Both GPUs hold 259.6 GB — model weights sharded evenly, plus KV cache. 90.2% of HBM3e is occupied at rest, leaving ~26 GB headroom per GPU for active KV cache during generation.
Per-GPU power

Power draw during active generation peaks at ~420 W per GPU, for a combined chassis draw well under the MI350X's 750 W TDP per card. Idle between prompts returns to ~300 W.
Latency

Cumulative average TTFT and E2E latency over the benchmark.
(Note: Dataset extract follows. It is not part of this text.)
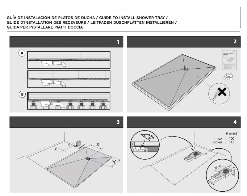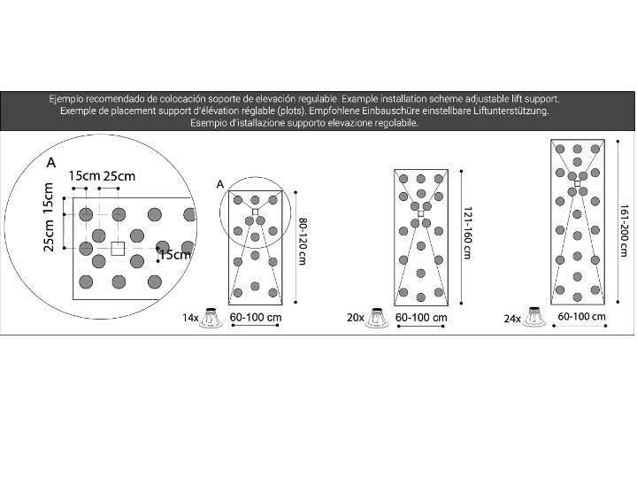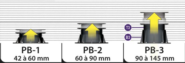 Wysokość tych wsporników brodzika jest regulowana. Różne modele oferują zakres regulacji od 18 mm do 315 mm, dzięki czemu można je dopasować do różnych konfiguracji.

TTFT settles to ~758 ms avg once the KV cache is warm; E2E tracks request length as expected.
KV cache utilisation

KV cache occupancy rises as requests pile up during the sustained load phase. The queue depth stays near zero — the model keeps pace with the 1.5 s prompt cadence.
8. Teardown
# Stop the container
ssh -i ~/.ssh/spinifex-key ubuntu@$INSTANCE_IP 'docker stop trinity'
# Terminate the instance — releases the 2× MI350X back to the Spinifex pool
aws ec2 terminate-instances --instance-ids "$INSTANCE_ID"
The two MI350Xs are immediately available to Spinifex for a new workload once the instance terminates.
9. Conclusion
Trinity Large Preview demonstrates that frontier-class open-weight models are now within reach of a two-GPU bare-metal setup. The MoE architecture is crucial: 400B total parameters with only 13B active per token means the model generates at ~53 tok/s sustained and peaks at 67 tok/s on a pair of MI350Xs — throughput that would be difficult to match with a dense model of comparable quality at that memory footprint.
Combining this with Spinifex as the infrastructure layer allows teams to own the entire workflow. Provisioning a g7e.12xlarge instance, pulling a 400 GB model, and serving it through vLLM took a handful of standard aws ec2 commands and a single docker run. The same workflow runs identically on any Spinifex-managed bare-metal node, with the GPUs returned to the pool when instances terminate.
For teams evaluating Trinity for production agentic workloads — tool calling, structured outputs, long-context reasoning — this represents a credible self-hosted deployment path: open weights, Apache 2.0 license, owned hardware and familiar tooling.